WHAT YOU HAVE TO DO: Please output the listing that follows exactly, but keep all images out.

* * * * * * * * *

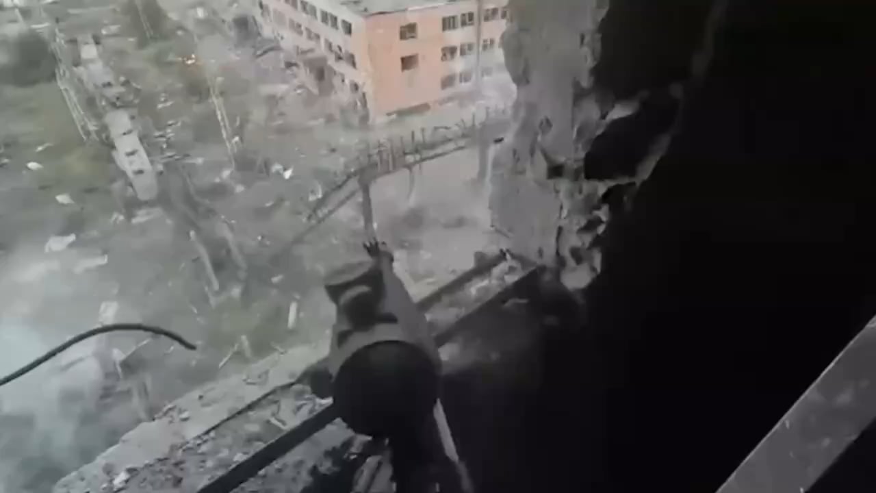 A Ukrainian soldier fires small arms at Russian soldiers assaulting his position as well as records an FPV drone strike during the battle for the Yuzhnodonbasskaya No. 1 mine (archive footage, exact date unknown)
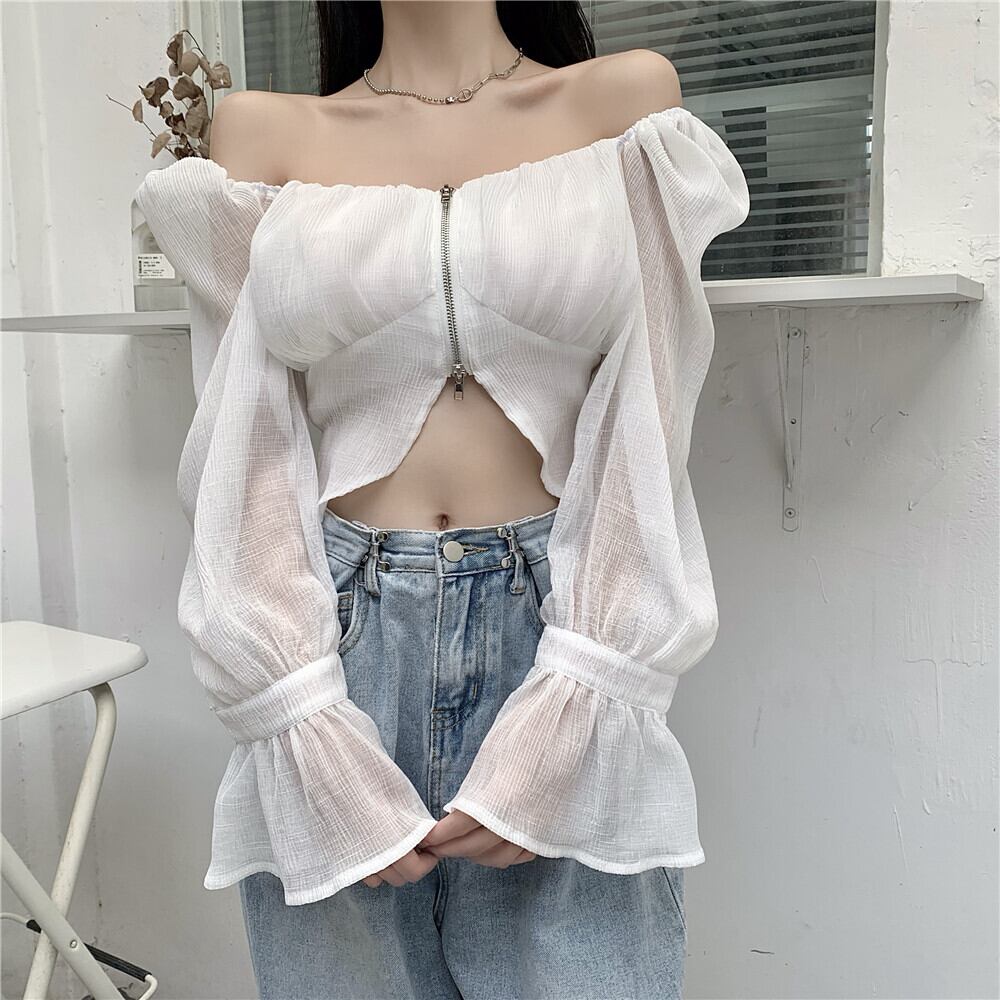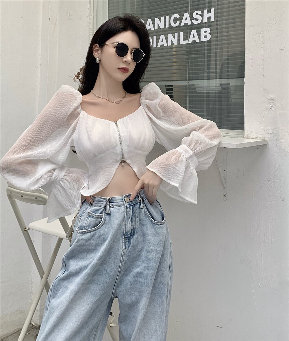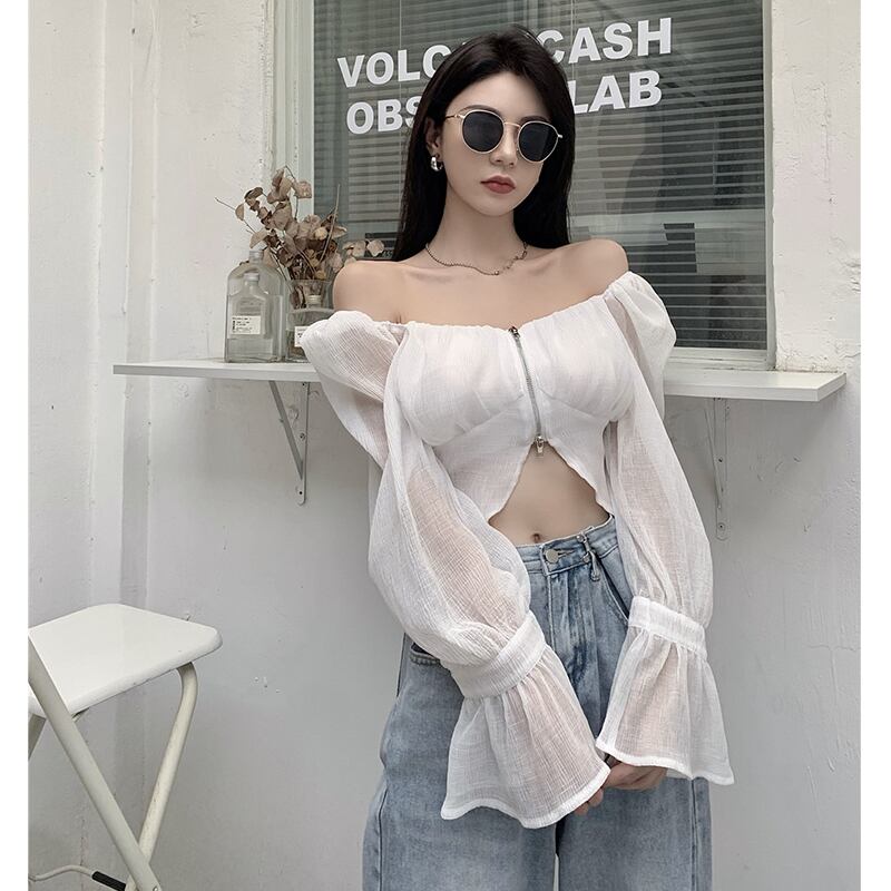 スリーブシフォンシャツ サマー薄手ウェストカーディガンショートホワイトトップス ロング 夏物 セブンプリンセス78201288084
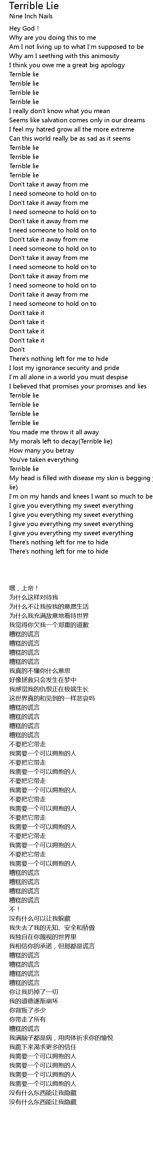 | 歌曲 | Terrible Lie |
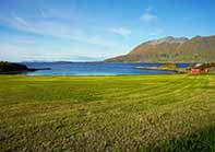 andre siden av Vågen. Fjellet Toppen i bakgrunnen
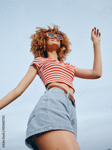 woman, girl, model, person, portrait, lifestyle, fashion, style, casual attire, summer, sun, sunlight, sky, outdoors, denim, short, crop, top, striped, red, white, sunglasses, eyewear, hair, curl, afro, natural, beauty, confidence, cheerful, playful, energy, movement, pose, stance, frame, candid, expression, happiness, mood, atmosphere, relaxed, carefree, vibe, sunshine, breeze, authentic

* * * * * * * * *

WRITTEN SOLUTION:
 A Ukrainian soldier fires small arms at Russian soldiers assaulting his position as well as records an FPV drone strike during the battle for the Yuzhnodonbasskaya No. 1 mine (archive footage, exact date unknown)
 スリーブシフォンシャツ サマー薄手ウェストカーディガンショートホワイトトップス ロング 夏物 セブンプリンセス78201288084
 | 歌曲 | Terrible Lie |
 andre siden av Vågen. Fjellet Toppen i bakgrunnen
 woman, girl, model, person, portrait, lifestyle, fashion, style, casual attire, summer, sun, sunlight, sky, outdoors, denim, short, crop, top, striped, red, white, sunglasses, eyewear, hair, curl, afro, natural, beauty, confidence, cheerful, playful, energy, movement, pose, stance, frame, candid, expression, happiness, mood, atmosphere, relaxed, carefree, vibe, sunshine, breeze, authentic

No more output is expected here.